* EXERCISE GOAL: For the records below, output word for word the lines from the one with "El set de percusión" up to and including the one with "1963 AUSTIN A55". No pictures.

* SOURCE DATA:
################
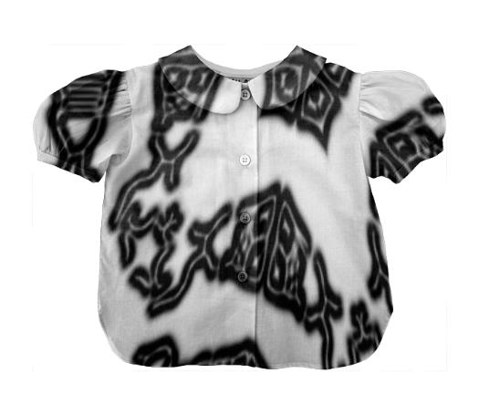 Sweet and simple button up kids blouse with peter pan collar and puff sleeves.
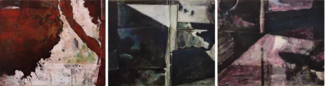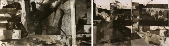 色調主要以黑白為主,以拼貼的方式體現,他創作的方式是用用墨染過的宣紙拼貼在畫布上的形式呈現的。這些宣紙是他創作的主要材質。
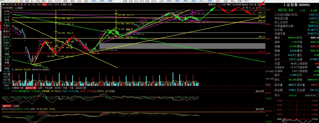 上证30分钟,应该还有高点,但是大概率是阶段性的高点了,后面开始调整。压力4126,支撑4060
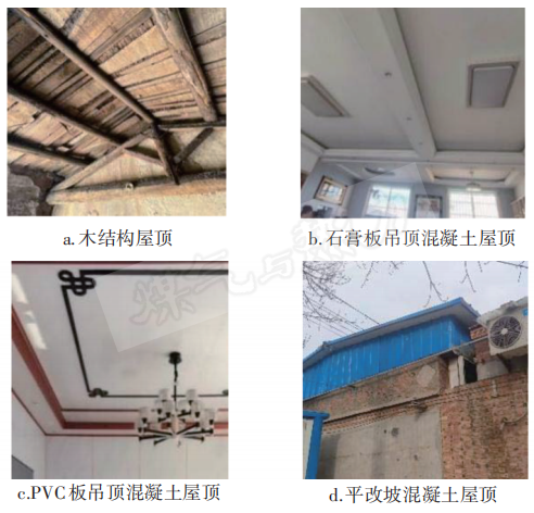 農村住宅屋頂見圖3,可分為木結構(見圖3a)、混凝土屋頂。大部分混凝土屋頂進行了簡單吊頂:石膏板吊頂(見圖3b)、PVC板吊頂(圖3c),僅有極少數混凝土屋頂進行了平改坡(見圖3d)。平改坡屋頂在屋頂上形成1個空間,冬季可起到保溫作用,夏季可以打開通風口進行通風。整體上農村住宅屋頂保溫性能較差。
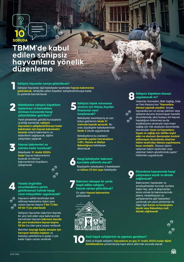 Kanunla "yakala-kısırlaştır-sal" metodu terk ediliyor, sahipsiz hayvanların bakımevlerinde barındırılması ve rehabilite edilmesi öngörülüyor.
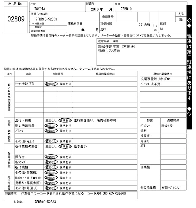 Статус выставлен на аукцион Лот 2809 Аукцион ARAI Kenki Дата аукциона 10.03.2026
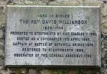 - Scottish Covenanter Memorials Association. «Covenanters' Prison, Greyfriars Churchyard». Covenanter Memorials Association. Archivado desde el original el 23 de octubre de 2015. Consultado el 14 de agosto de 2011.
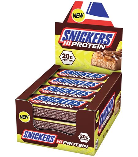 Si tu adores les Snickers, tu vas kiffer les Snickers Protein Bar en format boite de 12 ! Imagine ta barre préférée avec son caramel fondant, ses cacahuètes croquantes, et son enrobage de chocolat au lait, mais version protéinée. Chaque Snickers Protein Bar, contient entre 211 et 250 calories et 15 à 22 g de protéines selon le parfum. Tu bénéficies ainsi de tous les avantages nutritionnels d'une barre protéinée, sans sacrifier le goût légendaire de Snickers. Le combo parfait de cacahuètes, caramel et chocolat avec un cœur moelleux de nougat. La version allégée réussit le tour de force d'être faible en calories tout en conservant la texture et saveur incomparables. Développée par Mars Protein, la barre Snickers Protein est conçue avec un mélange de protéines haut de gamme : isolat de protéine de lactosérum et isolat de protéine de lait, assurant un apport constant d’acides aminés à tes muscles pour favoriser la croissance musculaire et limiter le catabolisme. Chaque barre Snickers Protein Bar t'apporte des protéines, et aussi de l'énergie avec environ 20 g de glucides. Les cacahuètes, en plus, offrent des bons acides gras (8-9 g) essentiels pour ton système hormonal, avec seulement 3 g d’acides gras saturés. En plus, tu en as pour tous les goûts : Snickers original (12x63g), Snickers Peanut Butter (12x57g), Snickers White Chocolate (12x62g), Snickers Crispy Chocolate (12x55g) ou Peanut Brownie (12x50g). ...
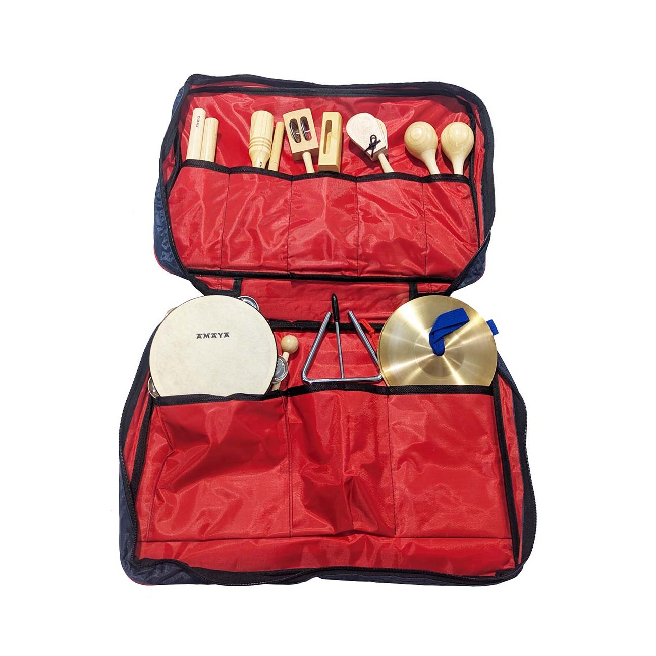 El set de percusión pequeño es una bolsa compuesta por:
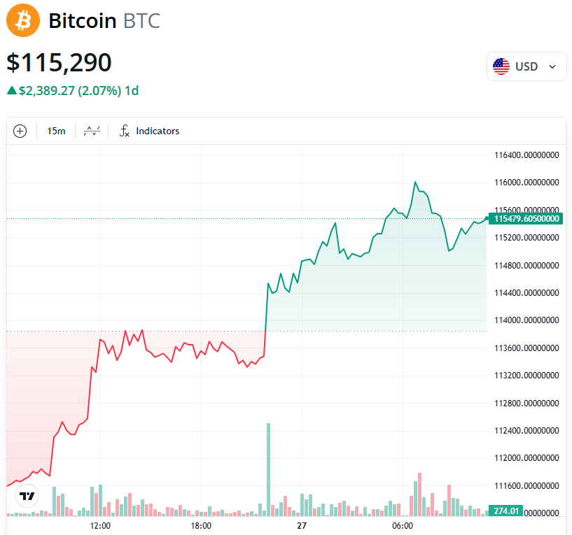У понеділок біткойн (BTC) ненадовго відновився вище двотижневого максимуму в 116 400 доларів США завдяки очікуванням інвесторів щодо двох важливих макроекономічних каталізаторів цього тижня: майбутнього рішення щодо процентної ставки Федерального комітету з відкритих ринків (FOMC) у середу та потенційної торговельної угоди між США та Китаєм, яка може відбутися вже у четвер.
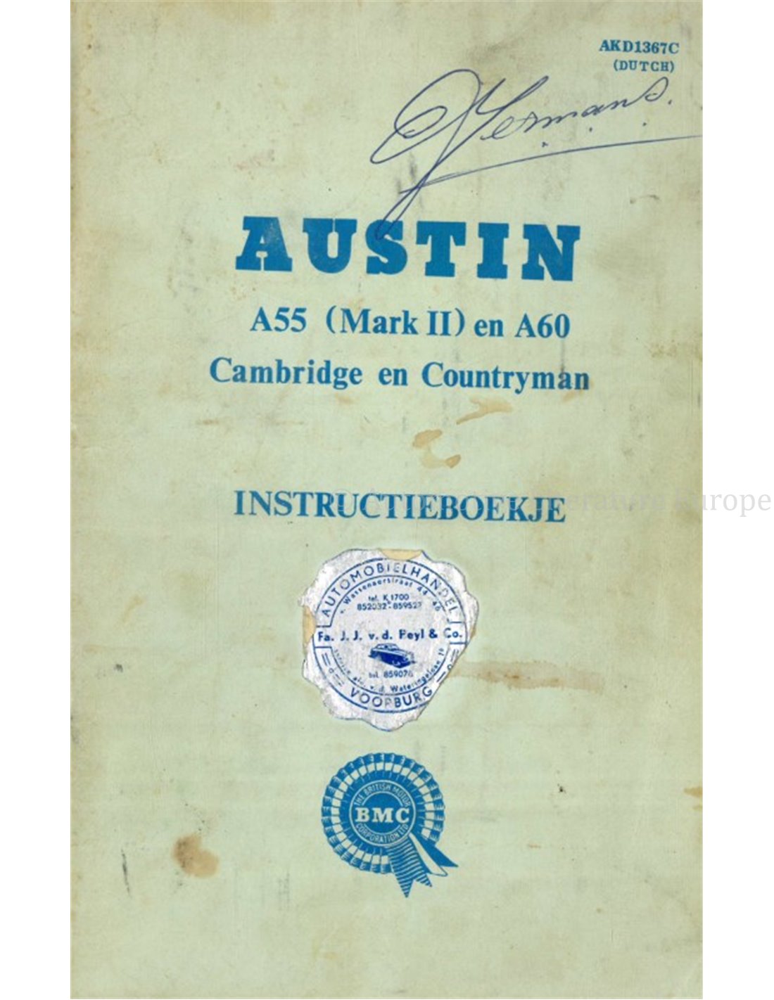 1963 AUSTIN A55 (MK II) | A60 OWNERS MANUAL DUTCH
################
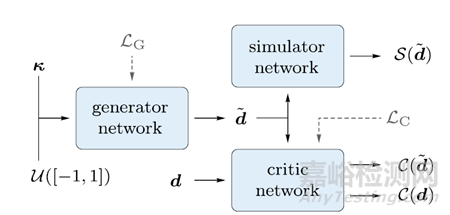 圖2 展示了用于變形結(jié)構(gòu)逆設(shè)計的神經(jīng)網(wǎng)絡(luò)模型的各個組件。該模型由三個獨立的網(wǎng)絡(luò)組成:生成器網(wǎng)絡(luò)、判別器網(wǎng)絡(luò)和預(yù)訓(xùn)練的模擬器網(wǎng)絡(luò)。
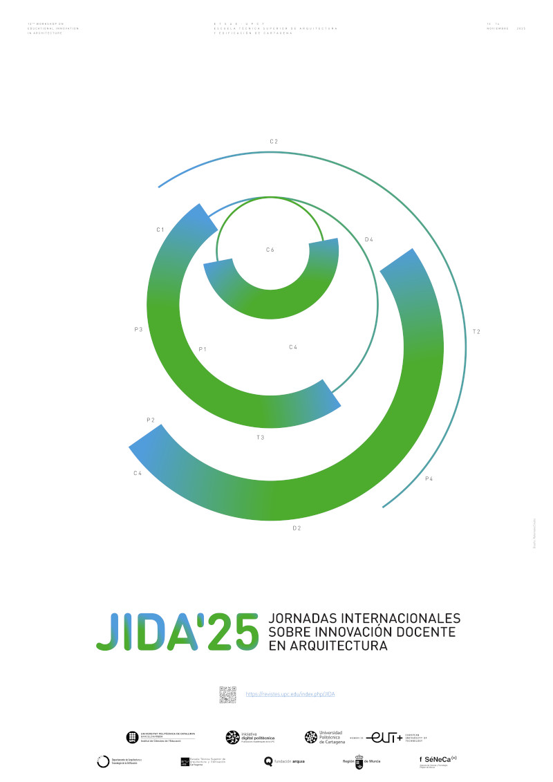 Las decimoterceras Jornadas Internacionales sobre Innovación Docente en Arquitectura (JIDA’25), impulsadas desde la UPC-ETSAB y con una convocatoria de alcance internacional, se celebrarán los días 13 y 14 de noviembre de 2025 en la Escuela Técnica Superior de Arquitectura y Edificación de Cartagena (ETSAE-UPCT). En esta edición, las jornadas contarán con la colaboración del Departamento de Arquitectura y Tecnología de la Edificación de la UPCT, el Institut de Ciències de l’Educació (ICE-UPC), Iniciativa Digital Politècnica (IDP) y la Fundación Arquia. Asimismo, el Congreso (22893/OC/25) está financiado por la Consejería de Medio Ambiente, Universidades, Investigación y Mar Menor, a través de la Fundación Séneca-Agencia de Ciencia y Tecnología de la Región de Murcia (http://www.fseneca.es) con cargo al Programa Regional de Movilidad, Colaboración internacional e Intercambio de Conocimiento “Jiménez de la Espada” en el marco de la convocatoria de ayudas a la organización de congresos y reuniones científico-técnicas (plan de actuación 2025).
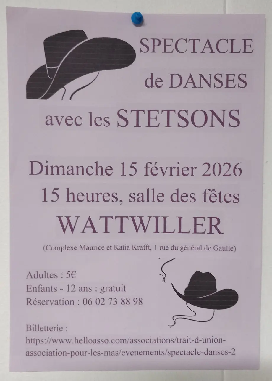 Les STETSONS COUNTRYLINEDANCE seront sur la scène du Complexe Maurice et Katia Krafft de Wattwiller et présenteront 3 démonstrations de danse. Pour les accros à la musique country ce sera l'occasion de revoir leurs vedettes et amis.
################
* THE ANSWER:
 El set de percusión pequeño es una bolsa compuesta por:
У понеділок біткойн (BTC) ненадовго відновився вище двотижневого максимуму в 116 400 доларів США завдяки очікуванням інвесторів щодо двох важливих макроекономічних каталізаторів цього тижня: майбутнього рішення щодо процентної ставки Федерального комітету з відкритих ринків (FOMC) у середу та потенційної торговельної угоди між США та Китаєм, яка може відбутися вже у четвер.
 1963 AUSTIN A55 (MK II) | A60 OWNERS MANUAL DUTCH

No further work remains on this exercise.